Money Markets
ARM’s expansion bid to intensify war for cement market
ARM managing director Pradeep Paunrana at a past function. The Kenyan plants will produce 3,000 metric tonnes of cement per day, while the Tanzania one will produce 4,500 tonnes. Photo/LIZ MUTHONI
Posted Tuesday, October 27 2009 at 00:00
“Our investment in Tanzania is driven by the expected exponential growth of cement use to be driven by infrastructural projects in roads, power and mining”, said Mr Paurana.
Currently, Tanga Cement controls less than 10 per cent of the Tanzanian market with the bulk being imported from Egypt, South Africa and Zambia.

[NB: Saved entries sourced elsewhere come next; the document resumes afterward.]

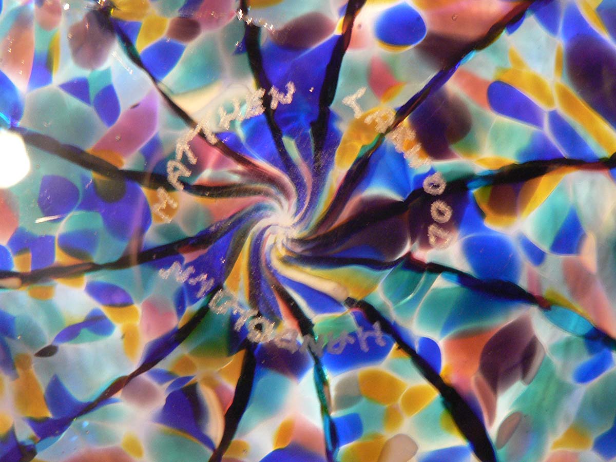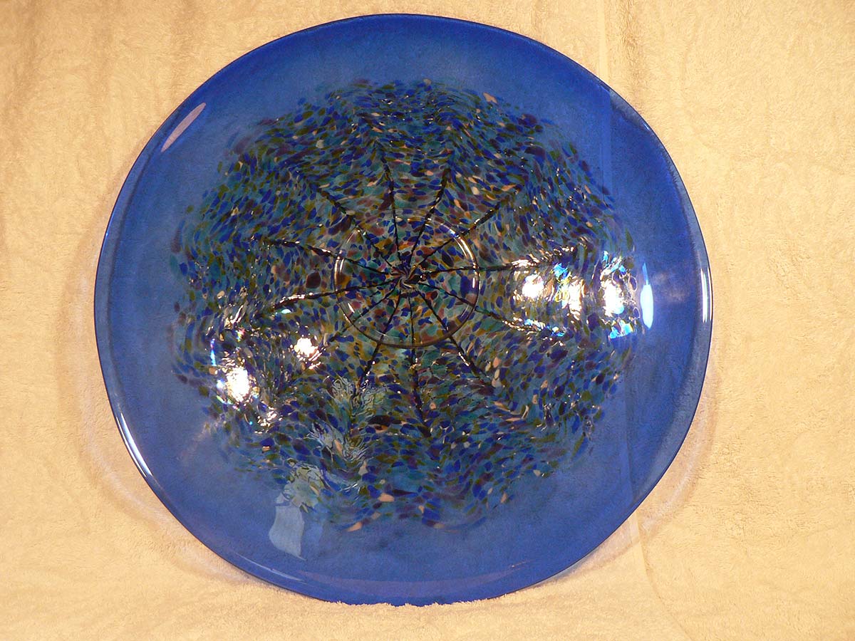 Huge Mathew Larwood handblown art glass centrepiece or platter. Blue glass with multicoloured central pattern. Signature to base.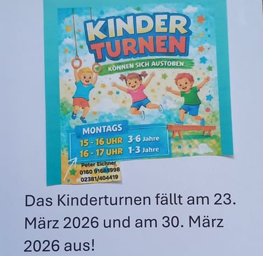 Das Kinderturnen fällt am 23. und 30. März 2026 aus!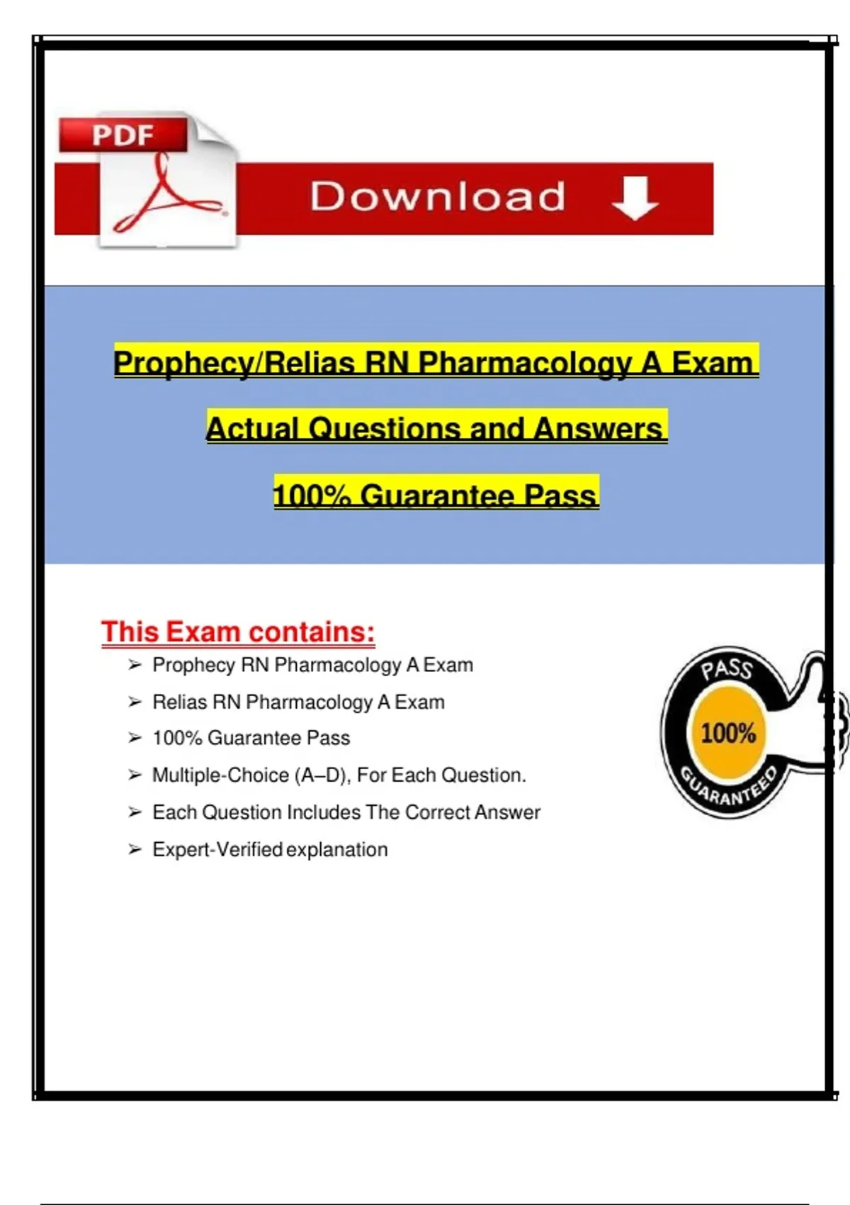 Download the Prophecy/Relias RN Pharmacology A Exam with actual questions, verified answers, and expert explanations. Prepare for your nursing pharmacology certification with 100% pass assurance.

ARM’s expansion will see its market share grow to 19 per cent from the current 13 per cent.
Bamburi Cement controls 58 per cent of the local cement market and Portland has a 30 per cent stake.
According to East African Cement Producers Association (EACPA), the industry lobby group, demand for cement locally has grown steadily from one million tonnes in 1994 to 2.7 million tonnes to date and is expected to hit four million tonnes in three years.
Even as ARM carries out its expansion plans, the other players are also engaged in either plant expansion or product diversification and value addition to grow their bottom lines.
East African Portland Cement is adding a new milling, plant besides plans to engage in value addition through preparation of ready made concrete mix used for construction.
Similarly, Bamburi Cement is adding a new grinding plant.
Beside cement production, ARM is also involved in fertiliser manufacturing and sodium silicate used in making of detergents.
Other products include industrial minerals and lime.